Fragrance Review
The clubs-and-gyms association has done Eros no favours. Smell past it and there's a well-made fragrance underneath.
Eros has a reputation it doesn't entirely deserve. It came out in 2012 in a turquoise bottle with a Medusa stamp and got marketed straight at clubs and gyms. The association cemented quickly. Mention it to someone who takes fragrance seriously and they'll give you a look.
Top: Fresh Mint, Green Apple, Lemon
Heart: Tonka Bean, Ambroxan, Geranium
Base: Vetiver, Oakmoss, Vanilla, Cedarwood
That look is wrong.
Alberto Morillas composed it — the same nose behind some genuinely serious fragrances — and the construction reflects that even if the branding doesn't. The opening is fresh mint and green apple, sharp and more dynamic than either note alone. Lemon brightens it further. The heart is where it surprises: tonka bean and ambroxan pulling warm and slightly magnetic, geranium holding the sweetness in check. The combination is cleaner than it has any right to be given how assertive the opening is.
The base is vetiver, oakmoss, and cedarwood — dry and woody, giving the whole thing a foundation the opening didn't hint at. Vanilla sits underneath, warm but not sweet. The mint and the base stay in balance across the entire wearing, which is technically harder than it sounds and something cheaper fragrances routinely fail to manage.
Six to ten hours depending on skin, strong projection for the first few hours that softens into something more personal by the end. Works across seasons — the fresh-warm construction is versatile enough that you're not fighting weather. Spring through autumn is the sweet spot; winter works but the fresh mint opening feels slightly incongruous in heavy cold.
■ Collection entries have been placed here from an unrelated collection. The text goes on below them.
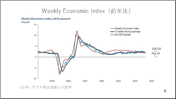 そこで週次のGDP統計ともいわれるアトランタ地区連銀公表のWeekly Economic Index(WEI)を見てみましょう。これは生産や消費、雇用に関する10種類の日次および週次データを元に、現在のアメリカのGDP成長率を推計しているものです。これによれば、現在アメリカ経済は前年比で2.6%成長のペースです(9ページ)。
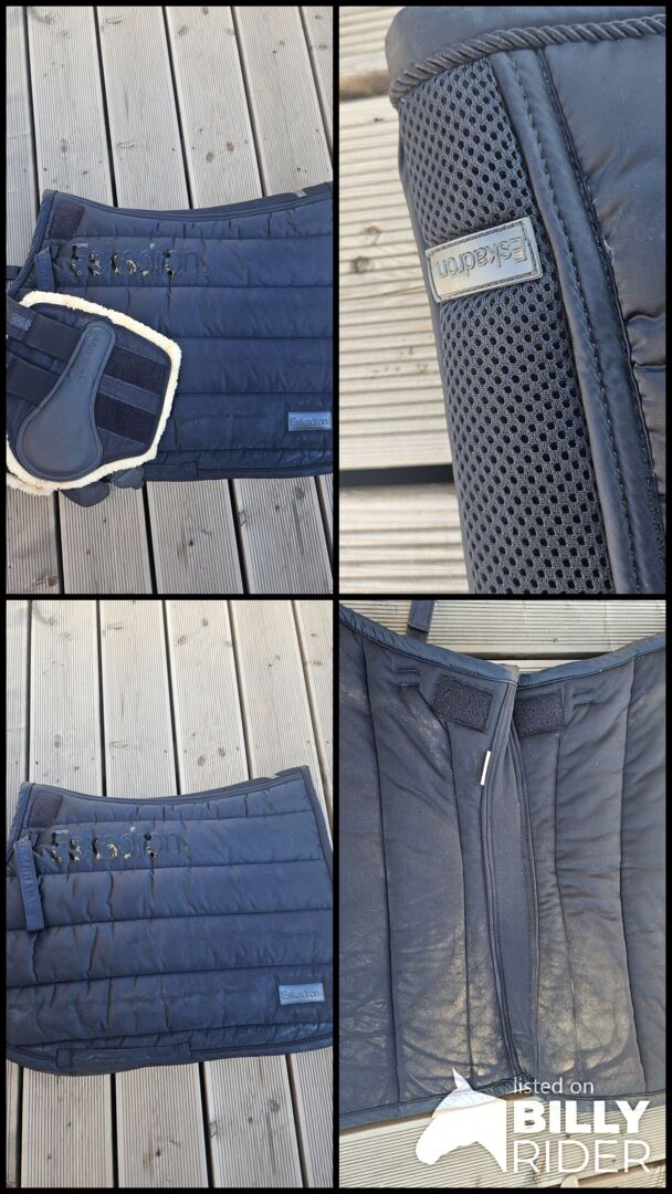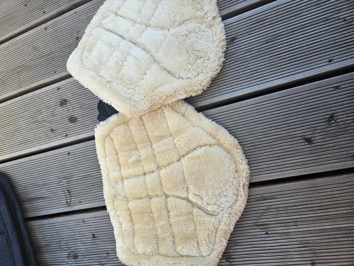 - Saddle pad size Vs - has light stains ( picture 3) - freshly washed - Fur at the top of the saddle pad is missing - Fur gaiters size M - have been used 2 times, have of course been cleaned
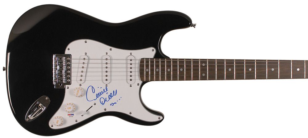 Black-bodied Stedman Pro ‘stratocaster-style’ electric guitar, signed on the white pickguard in blue felt tip. In fine condition, with a PSA/DNA authentication label affixed to pickguard. Accompanied by a certificate of authenticity from PSA/DNA. Oversized.
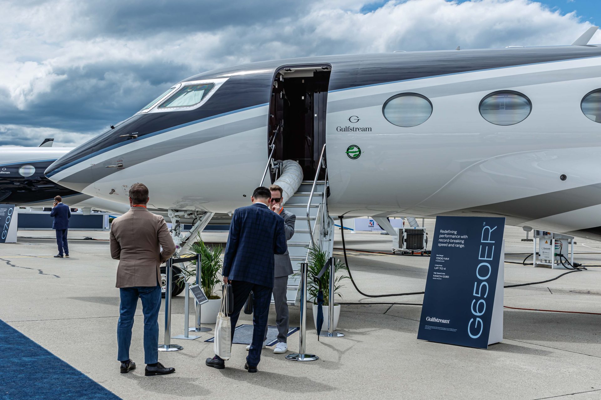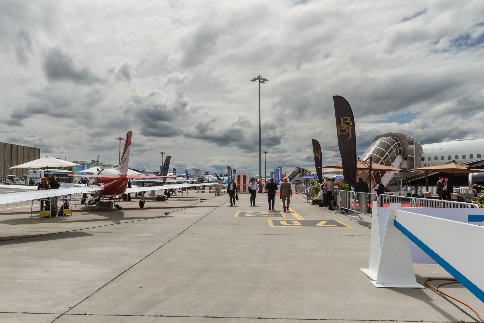 Among the aircraft present at EBACE, including airplanes and helicopters, we were able to admire a Boeing BBJ, Bombardier 7500, Dassault Falcon 6X, Gulfstream 700 and Tecnam P2012 and many more from the companies Airbus, Embraer, Honda Aircraft Company, Pilatus Aircraft Ltd, Textron Aviation, etc.

$70–$85 for 100ml. The "it's generic" criticism is really a criticism of how common it got, not the fragrance itself. Smell Eros without the context of every party it attended and you'd call it a confident, clean-warm masculine with more complexity than it shows at first. That's still exactly what it is. For the price, the performance and construction put it ahead of many things sold at twice the cost. The reputation it has is the one it was given, not the one it earned.